As controversial as it may be, the pandemic was a blessing in disguise for me. Those periods of solitude gave me the opportunity to reflect and change my life in an instant. I went down and dirty into the depths of my thought process, realizing majority of the thoughts I had were wrapped in some sort of negativity: imagining non-existent fights, hating on myself, thinking people thought lowly of me, chalking up good things happening as a fluke and bad things happening as standard, did I mention hating on myself? My mind was a dark pit I desperately wanted out of.

Once I was aware of how dark my mind was, I challenged myself to bring the light back in. I challenged myself to counter every negative thought with positivity. Doubting myself... what if everything worked out? Getting rejected... what if there's something better out there for me? Failing to stick to my goals... what if I tried again?

I'll say, it's not easy heading towards the light when you're so used to the dark. Feels artificial at first. But the light is where destiny lies. The light is where the minute and big changes occur for the better. The light showed me I'm here to be the light, for myself and others.

I found my purpose in the light.

My purpose is to help those like myself who've felt the darkness consume them to the point of (perceived) no return. My purpose is to show those like myself who've given up on their dreams realize those dreams are felt for a reason.
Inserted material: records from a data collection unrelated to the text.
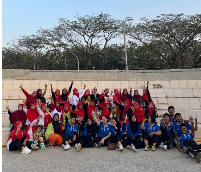
Gambar 9 Mengikuti Senam Rutin Ibu Ibu

Senam sangat bermanfaat dalam mengembangkan komponen fisik dan kemampuan gerak (motor ability). Orang-orang yang terlibat senam akan berkembang daya tahan ototnya, kekuatannya, penergiya, kelenturannya, koordinasi, kelincahan, serta keseimbangan.
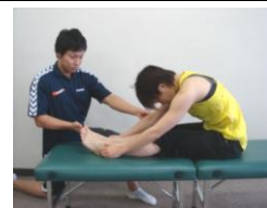
柔軟性のチェック
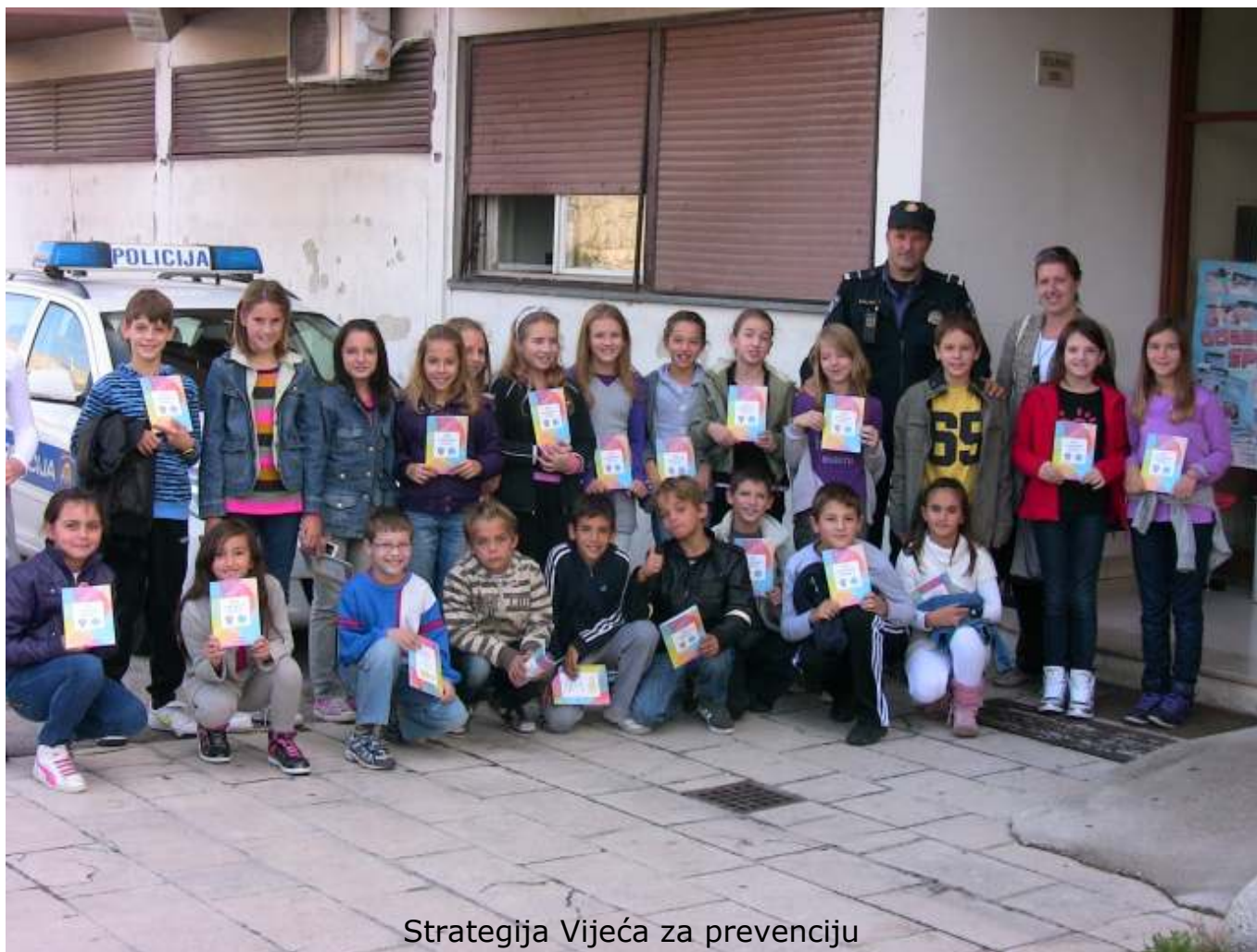
Strategija Vijeća za prevenciju 2012. - 2014.
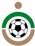
Fundación del Fútbol Andaluz

«Contar con el Fútbol» es una marca registrada de la Federación Andaluza de Fútbol (FAF).
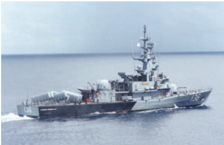
Gambar 9: Laksamana Kelas, Kd Laksamana Muhammad Amin memiliki senjata Exocet
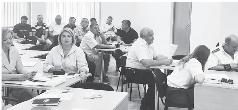
Участники совещания.

Техническую культуру льна масличного в этом году собрали с площади 1 800 гектаров, валовый сбор составил 1 200 тонн. Средняя урожайность 6,8 центнера с гектара, (в 2024 году – 8,3 центнера с гектара). Что касается проса зернового, то с 240 гектаров валовый сбор составил 183 тонны (2024 год – 432 тонны), средняя урожайность – 7,6 ц/га.
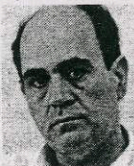
Του Χάρη Καμπουζίδη

Α νδρική ή γυναικεία τέχνη είναι η ζωγραφική; «Πανανθρώπινη» θ' απαんとύσε κανείς αυθόρμητα, όμως η αλήθεια είναι πιο περίπλοκη. Ως αρχέγονη δημιουργία, η τέχνη είναι σαφώς γυναικεία, αφού συνδέεται με την ίδια τη γέννηση και τις μαγικές τελετουργίες της. Ως κοινωνικό προϊόν είναι αποκλειστικά σχεδόν ανδρική, αφού οι επαγγελματίες «εικονοποιοί» ήταν πάντα άνδρες και στην υπηρεσία ιδεολογικών ανα-
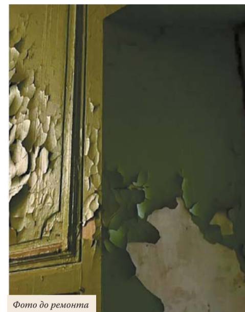
Фото до ремонта
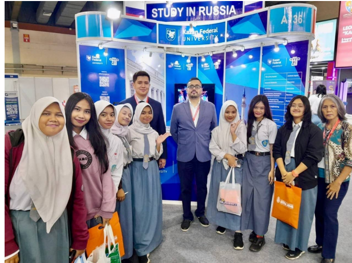
Gambar 2. Perwakilan Universitas Federal Kazan (UFK) dan alumni UFK bersama pengunjung Pameran Pendidikan Internasional ke-32 di Jakarta

juga menekankan peran lulusan universitas Rusia dalam mempromosikan pendidikan tinggi Rusia di Indonesia.
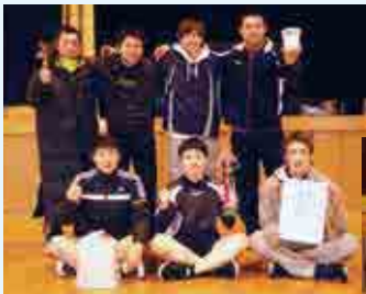
優勝 南宇和クラブ
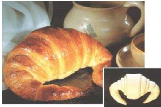
Producto listo para el consumo

También es importante destacar que, dentro de la industria de la panificación, los consumidores valoran la calidad artesanal de este tipo de productos. Las empresas industrializadoras deben tratar de conservar estas cualidades. Como lo revelan diversos estudios de mercado, el pan de molde industrializado no es un sustituto del pan artesanal horneado en las panaderías y para poder llegar a competir con éstas los industriales cuentan en este momento con la tecnología de la ultracongelación que aplicada a las masas posibilita el desarrollo de panes congelados con características sorprendentemente similares a las del pan artesanal recién horneado. Además de la correcta tecnología de congelación, es necesario aplicar durante la elaboración de los panificados ultracongelados técnicas adecuadas que hacen a la obtención del producto deseado y aditivos alimentarios especiales para masas congeladas desarrollados por la ingeniería alimentaria.

Giving up isn't an option. We have been given free will for a reason, why not take advantage and make life how we want it to be? Every single one of us is here purposefully, to create a life unique to us.

I went from wanting to be a singer, to getting a degree in Psychology and wanting to be a therapist, to working as a corporate recruiter, to going viral on TikTok for women's health, to starting my own herbal business, to failing (perceived) and pivoting to wholistic health and Traditional Western Medicine, to becoming a certified Medical Astrologer. My life path has been winding all over the place, but my purpose has remained the same: to be of service and help change people's lives for the better. To be the light!

If the light's been missing from your life for a while, or if you've never felt it, know it exists. Know you're meant to feel it, embody it, and have it change your life positively. Life is full of hardships, but that doesn't mean it has to feel like your own personal hell. Heaven on Earth exists and it starts in your mind.

What can you do right now to allow some of the light back in? What area of life has felt so dark, the thought of any light touching it sounds impossible? If it's your physical environment, Astrocartography is a thing. If you aren't happy where you're living, astrology can help you find the place where you'll shine. If it's your physical or mental health, Medical Astrology is a thing. If your health is suffering, astrology can help you find balance and strength in ways that're unique to you. If it's your financial circumstances, I'm positive astrology can help with that, too. Clearly I'm a nerd for astrology, but I wouldn't be pushing it if it were "nonsense".

Woo woo or not, you never know what'll work unless you try. Be willing to try. Be willing to broaden your horizons to help dissipate the dark clouds hanging over your head like they were me.

Be willing to let the light back in.